The choice of partner is critical. The partner must have a strong local reputation, financial stability, an understanding of your industry, and an interest in a long-term partnership rather than a quick profit. Check references from other companies that have worked with the partner. Spend time meeting and negotiating. The wrong partner can wreck everything.
The organisation and the team
One of the most common mistakes is underinvesting in local leadership and team building. This cannot be a side project for someone already busy with something else. We recommend appointing a Market Director responsible for every aspect of entering the new market: market analysis, partner selection, setting up operations, recruiting and training the team, developing the entry strategy. This person needs enough authority within the organisation to draw resources from other functions (product, marketing, finance).
Beyond the Market Director you need a team on the ground that understands the market, the language and the culture. It may start with one or two people, but the organisation should plan to grow the team as the business develops. Many companies underinvest in the local team, and this often leads to poor performance. Someone sent in from Russia may be strong on operations but blind to local nuance. Investing in local talent usually delivers better results.

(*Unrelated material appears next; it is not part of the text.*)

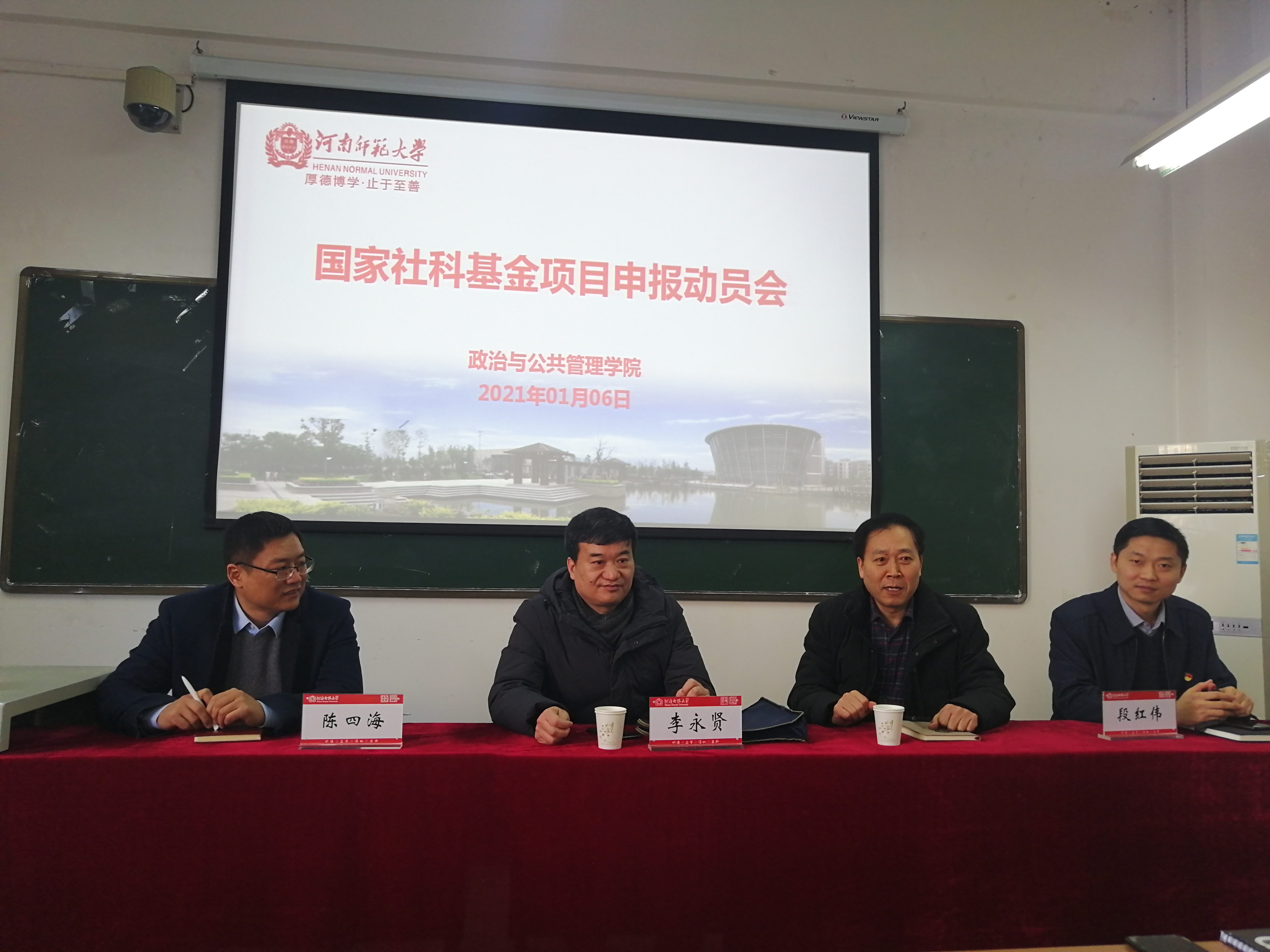 1月6号上午,政治与公共管理学院在学院217召开2021年度国家社科基金项目申报动员会。学院领导及符合国社科申报条件的30余位教师参加此次会议。会议特邀社科处李永贤处长莅临指导工作。会议由学院党委书记段红伟主持。

The organisation also needs clear success metrics. What does a successful market entry actually mean? What revenue? What profit? Over what period? Without clear metrics the team can get lost in day-to-day work and lose sight of the strategic goals.
An example: a Russian IT company expanded into the UAE. It sent in a COO who had been successful in Russia. But he struggled to find talent — he did not know the local labour market and had no contacts. A year in, the company hired a local head of HR who knew the market. Within 18 months the operation was thriving. That second move was the decisive one.
Or another example: a B2B software company expanded into Saudi Arabia. It assumed it could simply sell its European product. But once it entered the market, it found that the compliance requirements were entirely different. Local integration support was needed. It handed the work to a local partner, and the partner proved ineffective. The company spent a great deal of money and pulled out after two years. The problem was a poor grasp of the localisation requirements and the wrong choice of partner.
A success story: a technology company specialising in IT consulting expanded into Dubai. It found a local leader who knew the community. It focused on serving a growing number of Arab companies that were entering European and global markets and needed IT expertise. Within a few years its Dubai operation had become one of its top-performing markets. The decisive factor was the right choice of local leader and giving that person the room to run the market (with direction from headquarters).
Managing risk and planning the exit
International expansion carries risk. Some of it can be reduced through good planning, but some risk is always present. A company must be prepared for the possibility that a market entry fails, and have an exit plan. This is not pessimism — it is realism. Plenty of successful companies have tried to expand into new markets and failed. Better to be ready than to be caught off guard.
The exit plan should be drawn up before entry, not in the middle of a crisis. What is the maximum amount of capital the company is willing to lose in this market? Which indicators will trigger a strategy review? If revenue is not growing by 20% a year, what will you do? If revenue is growing but profit is not, what will you do? If a competitor enters with an aggressive pricing strategy, what will you do? It pays to think this through in advance.
Conclusion
International expansion can be a source of enormous growth for Russian companies. But it demands strategic thinking, rigorous analysis, the right organisation and a readiness to face risk. Those who take the journey with a cool head often gain a second engine of growth that pulls the whole business forward. Those who jump blind simply add to that grim statistic from the start of this article.